Bernstein, Blood and Guts

Bedroom view from Talbot Hotel Wexford, October 2018.

It’s grand to be back in Wexford and the Talbot is as welcoming as ever. The sea view is magnificent and, in the foreground, trains glide silently past a car park.

Bedroom view from Talbot Hotel Wexford, October 2018.

I’m usually baffled by thermostats in hotel rooms but the Talbot’s instructions are simple and sensible; “to make your room warmer, ensure your window is closed”. Actually their instructions then get more complicated but I can’t find the keypad, so that’s one less thing to worry about.

Forget about Lazy Sunday; after brekker it’s Bernstein at Whites Hotel. Seven singers, all drawn fron the Wexford Festival chorus, and a pianist celebrate Leonard Bernstein’s 100th birthday with a selection of his popular hits interspersed with less well-known numbers and readings from his letters. It’s a frenetic hour and a half showcasing LB’s virtuosity as composer and lyricist.

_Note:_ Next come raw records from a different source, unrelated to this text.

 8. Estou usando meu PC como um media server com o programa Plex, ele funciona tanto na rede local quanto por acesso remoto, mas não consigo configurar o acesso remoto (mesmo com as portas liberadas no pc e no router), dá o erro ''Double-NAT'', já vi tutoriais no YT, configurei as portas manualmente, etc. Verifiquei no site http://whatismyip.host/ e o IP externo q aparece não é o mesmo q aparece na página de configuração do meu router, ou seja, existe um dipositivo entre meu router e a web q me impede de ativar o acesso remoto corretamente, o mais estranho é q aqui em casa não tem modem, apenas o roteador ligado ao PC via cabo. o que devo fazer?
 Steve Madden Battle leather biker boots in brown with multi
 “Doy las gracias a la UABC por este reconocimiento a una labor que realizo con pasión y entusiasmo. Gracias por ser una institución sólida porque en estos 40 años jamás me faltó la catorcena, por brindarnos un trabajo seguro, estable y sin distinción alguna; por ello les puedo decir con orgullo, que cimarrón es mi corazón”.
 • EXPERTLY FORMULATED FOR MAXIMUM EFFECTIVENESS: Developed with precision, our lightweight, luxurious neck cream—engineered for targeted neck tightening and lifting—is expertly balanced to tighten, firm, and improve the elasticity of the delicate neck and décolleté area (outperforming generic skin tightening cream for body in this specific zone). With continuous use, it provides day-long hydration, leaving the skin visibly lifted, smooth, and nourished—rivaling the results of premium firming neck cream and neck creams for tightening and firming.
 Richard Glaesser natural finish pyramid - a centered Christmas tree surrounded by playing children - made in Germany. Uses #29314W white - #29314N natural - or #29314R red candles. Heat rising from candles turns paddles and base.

In the afternoon it’s a double bill of opera verismo: L’Oracolo by Franco Leoni and Mala Vita by Umberto Giordano. The former is a melodrama set in Chinatown in San Francisco. It premiered at Covent Garden in 1905 and was an international success. The Wexford production ramps up the melodrama. At the end the baddie is murdered as usual but his murderer, while singing a lovely number, carves his chest open, extracts the heart and flourishes the gory dripping organ. This is something I have never seen done before. It was so realistic I had white wine in the interval.

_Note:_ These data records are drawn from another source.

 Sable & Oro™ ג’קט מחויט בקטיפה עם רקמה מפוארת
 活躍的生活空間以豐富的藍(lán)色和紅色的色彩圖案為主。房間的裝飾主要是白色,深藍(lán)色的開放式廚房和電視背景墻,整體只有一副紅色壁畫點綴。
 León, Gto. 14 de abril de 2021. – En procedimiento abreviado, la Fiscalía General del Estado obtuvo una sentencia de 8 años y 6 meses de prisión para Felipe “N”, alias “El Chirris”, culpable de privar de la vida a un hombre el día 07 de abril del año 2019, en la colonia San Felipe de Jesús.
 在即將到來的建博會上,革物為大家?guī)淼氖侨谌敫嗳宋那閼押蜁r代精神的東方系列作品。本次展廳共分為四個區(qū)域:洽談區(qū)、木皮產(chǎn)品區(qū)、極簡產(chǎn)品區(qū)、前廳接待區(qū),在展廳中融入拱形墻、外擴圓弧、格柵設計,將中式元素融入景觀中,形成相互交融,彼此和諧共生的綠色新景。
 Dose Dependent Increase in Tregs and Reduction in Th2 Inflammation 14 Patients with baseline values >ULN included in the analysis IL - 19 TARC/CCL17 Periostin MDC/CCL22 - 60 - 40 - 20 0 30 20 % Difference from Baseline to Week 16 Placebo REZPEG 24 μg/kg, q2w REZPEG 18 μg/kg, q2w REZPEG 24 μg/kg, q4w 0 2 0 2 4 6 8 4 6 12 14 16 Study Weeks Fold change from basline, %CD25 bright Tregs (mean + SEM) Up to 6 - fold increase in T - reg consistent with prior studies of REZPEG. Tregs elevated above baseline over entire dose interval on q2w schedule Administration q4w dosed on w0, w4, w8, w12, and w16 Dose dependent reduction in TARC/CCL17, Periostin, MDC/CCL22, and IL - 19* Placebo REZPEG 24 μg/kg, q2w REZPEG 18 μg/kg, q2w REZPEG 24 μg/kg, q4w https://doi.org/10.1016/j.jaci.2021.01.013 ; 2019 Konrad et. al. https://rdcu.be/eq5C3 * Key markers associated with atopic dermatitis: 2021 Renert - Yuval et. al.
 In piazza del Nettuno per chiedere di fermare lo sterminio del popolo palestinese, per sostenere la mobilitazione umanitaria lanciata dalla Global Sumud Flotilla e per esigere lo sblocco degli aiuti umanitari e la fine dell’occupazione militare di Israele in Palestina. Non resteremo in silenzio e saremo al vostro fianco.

The music for Mala Vita was in the style of Mascagni and Puccini and every bit as good. Seeing it for he first time made it more compelling than seeing, say, Cav or Pag for the umpteenth time. Both operas had twists at the end not in accordance with the original versions, or indeed with the synopsis in the programme.

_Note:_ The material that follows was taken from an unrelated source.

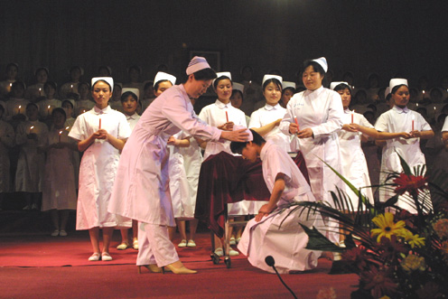 晚上7时30分,授帽传光仪式正式开始,大礼堂被一种庄严、神圣的气氛所笼罩,院长白琴、副院长周新明为即将进入临床的护生们进行了授帽。当护生们戴上白琴授予的洁白神圣的燕尾帽,当她们从周新明手中接过点燃的红烛,就意味着加入了白衣天使的行列,把护理事业作为自己奋斗终生的光荣使命。她们向着南丁格尔的画像、向着院长们深深一跪:这深深一跪,包含着她们对护理前辈无比的崇敬,使她们又经历了一次人生的洗礼,表达了她们立志献身护理事业的决心。最后,护生们站在南丁格尔画像前庄严宣誓:奉行人道主义精神,坚守救死扶伤信念,遵守护士职业道德,把毕生精力奉献给神圣的护理事业。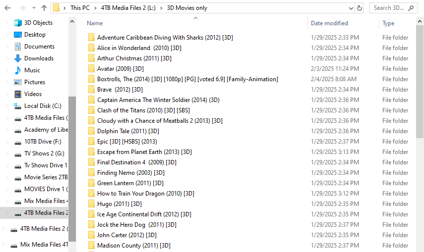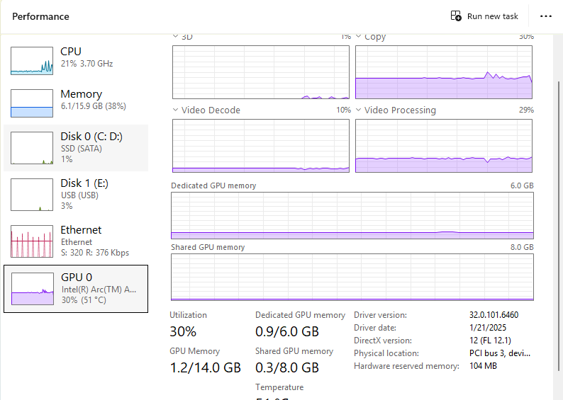 Airbender 128 Posted February 4, 2025 Posted February 4, 2025 (edited) Hello All, I am having few different issues with 3D Movies and i will explain them here one by one and provide some supporting data. Issue 1: Poster wont show 3D I added 1.2TB of 3D movies in various formats, including complete Blu-ray disc ISOs and MKV SBS 3D files. After adding them to Emby and completing the scan, I noticed that Emby is recognizing them as regular HD movies instead of 3D. some show 4K sing and some show Blu-ray but none show 3D. In past this use to be different 3D movies use to get posters that show 3D tag on them. Is there is a way to make Emby put Tag or get poster that says 3D? Issue 2 Playback with buffer: I'm experiencing an odd buffering issue. When playing a full 50GB Blu-ray, there’s no buffering at all. However, when playing any 3D format, it buffers so much that playback starts and stops repeatedly. The CPU spikes to 100%, and there’s no way to bypass this. I logged into the Emby Dashboard, adjusted transcoding to "Slow," and experimented with the settings, but I couldn't find a way to fix the buffering issue. My system is 13 years old: CPU: Intel Core i7-2600 @ 3.40GHz RAM: 20GB Dual-Channel DDR3 @ 665MHz (9-9-9-24) Motherboard: Hewlett-Packard 1587h (XU1 PROCESSOR) I added a GPU to the system, but it seems Emby and Plex don’t support it—or I may be mistaken. To improve performance, NVIDIA GeForce GTX 650 (1GB) so i removed it and I bought a Sparkle Intel Arc A380 ELF (6GB GDDR6), but my power supply or motherboard didn’t support it. The PC kept rebooting, so I had to remove it as well. this is extremely old so i dont think anymore upgrade are possible. I also took one of the pc's i have and installed the GPU in it Sparkle Intel Arc A380 ELF (6GB GDDR6). Intel Core i7 4790 @ 3.60GHz 16.0GB Dual-Channel DDR3 @ 798MHz 465GB Samsung SSD 860 EVO 500GB I installed windows 10 x64bit clean and then i install Emby theater client and tested no luck with buffering even though i thought it will help with transcoding As i said for testing this i used Firestick, PC, Xbox X and no luck For this test I examine 2 title to narrow down troubleshoot the issue: let me provide the info on media: Unique ID : 88572881451210865566456418132678099504 (0x42A2843708BF4E7DBA0081E1F70B4230) Complete name \3D Movies\Jurassic World Fallen Kingdom (2018) [3D]\Jurassic World Fallen Kingdom (2018) [3D].mkv Format : Matroska Format version : Version 4 File size : 29.8 GiB Duration : 2 h 8 min Overall bit rate : 33.3 Mb/s Frame rate : 89.911 FPS Encoded date : 2024-09-27 06:19:45 UTC Writing application : mkvmerge v87.0 ('Black as the Sky') 64-bit Writing library : libebml v1.4.5 + libmatroska v1.7.1 / Lavf61.1.100 VIDEOAI : Enhanced using amq-13. Changed resolution to 3840x1600 Video ID : 1 Format : HEVC Format/Info : High Efficiency Video Coding Format profile : Main 10@L5.2@Main Codec ID : V_MPEGH/ISO/HEVC Duration : 2 h 8 min Bit rate : 31.1 Mb/s Width : 3 840 pixels Height : 1 600 pixels Display aspect ratio : 2.40:1 Frame rate mode : Constant Frame rate : 89.911 FPS Color space : YUV Chroma subsampling : 4:2:0 Bit depth : 10 bits Bits/(Pixel*Frame) : 0.056 Stream size : 27.9 GiB (94%) Default : No Forced : No Color range : Limited Matrix coefficients : BT.709 Audio #1 ID : 2 Format : DTS Format/Info : Digital Theater Systems Codec ID : A_DTS Duration : 2 h 8 min Bit rate mode : Constant Bit rate : 1 509 kb/s Channel(s) : 6 channels Channel layout : C L R Ls Rs LFE Sampling rate : 48.0 kHz Frame rate : 93.750 FPS (512 SPF) Bit depth : 24 bits Compression mode : Lossy Stream size : 1.35 GiB (5%) Language : English Default : Yes Forced : No Audio #2 ID : 3 Format : AC-3 Format/Info : Audio Coding 3 Commercial name : Dolby Digital Codec ID : A_AC3 Duration : 2 h 8 min Bit rate mode : Constant Bit rate : 640 kb/s Channel(s) : 6 channels Channel layout : L R C LFE Ls Rs Sampling rate : 48.0 kHz Frame rate : 31.250 FPS (1536 SPF) Compression mode : Lossy Stream size : 587 MiB (2%) Service kind : Complete Main Default : Yes Forced : No Dialog Normalization : -31 dB cmixlev : -4.5 dB surmixlev : -6 dB dialnorm_Average : -31 dB dialnorm_Minimum : -31 dB dialnorm_Maximum : -31 dB Text ID : 4 Format : UTF-8 Codec ID : S_TEXT/UTF8 Codec ID/Info : UTF-8 Plain Text Duration : 2 h 7 min Bit rate : 48 b/s Frame rate : 0.232 FPS Count of elements : 1771 Stream size : 45.5 KiB (0%) Title : Sub. Eng. Not Hearing Language : English Default : Yes Forced : No Here is File 2: Unique ID : 150853709524402534131192341019446195532 (0x717D5E1D9F33CB1865480D1757BFB54C) Complete name \3D Movies\Ready Player One 3D (2018)\Ready Player One 3D (2018).mkv Format : Matroska Format version : Version 4 File size : 34.9 GiB Duration : 2 h 19 min Overall bit rate mode : Variable Overall bit rate : 35.7 Mb/s Frame rate : 89.911 FPS Movie name : Ready Player One Encoded date : 2024-09-25 15:27:06 UTC Writing application : mkvmerge v87.0 ('Black as the Sky') 64-bit Writing library : libebml v1.4.5 + libmatroska v1.7.1 / Lavf61.1.100 VIDEOAI : Enhanced using amq-13. Changed resolution to 3840x1600 Video ID : 1 Format : HEVC Format/Info : High Efficiency Video Coding Format profile : Main 10@L5.2@Main Codec ID : V_MPEGH/ISO/HEVC Duration : 2 h 19 min Bit rate : 31.8 Mb/s Width : 3 840 pixels Height : 1 600 pixels Display aspect ratio : 2.40:1 Frame rate mode : Constant Frame rate : 89.911 FPS Color space : YUV Chroma subsampling : 4:2:0 Bit depth : 10 bits Bits/(Pixel*Frame) : 0.058 Stream size : 31.1 GiB (89%) Default : No Forced : No Color range : Limited Matrix coefficients : BT.709 Is there is anyway possible to fix the buffering issue? Please advise Thank you very much Edited February 4, 2025 by Airbender

There is a fashion these days, of which I approve, to link operas in a double bill. The set on Sunday afternoon, with a little modification, served both operas. It is a three story brick building on a revolve so that every side is revealed. It seems extravagant but if it were plonked down in Mayfair it would be worth circa £10 million. We wondered afterwards why these two excellent pieces are never performed these days. Il bravo, which we saw on Saturday, has lots of problems, not least its large cast, but this pair are crowd pleasers and easy to stage.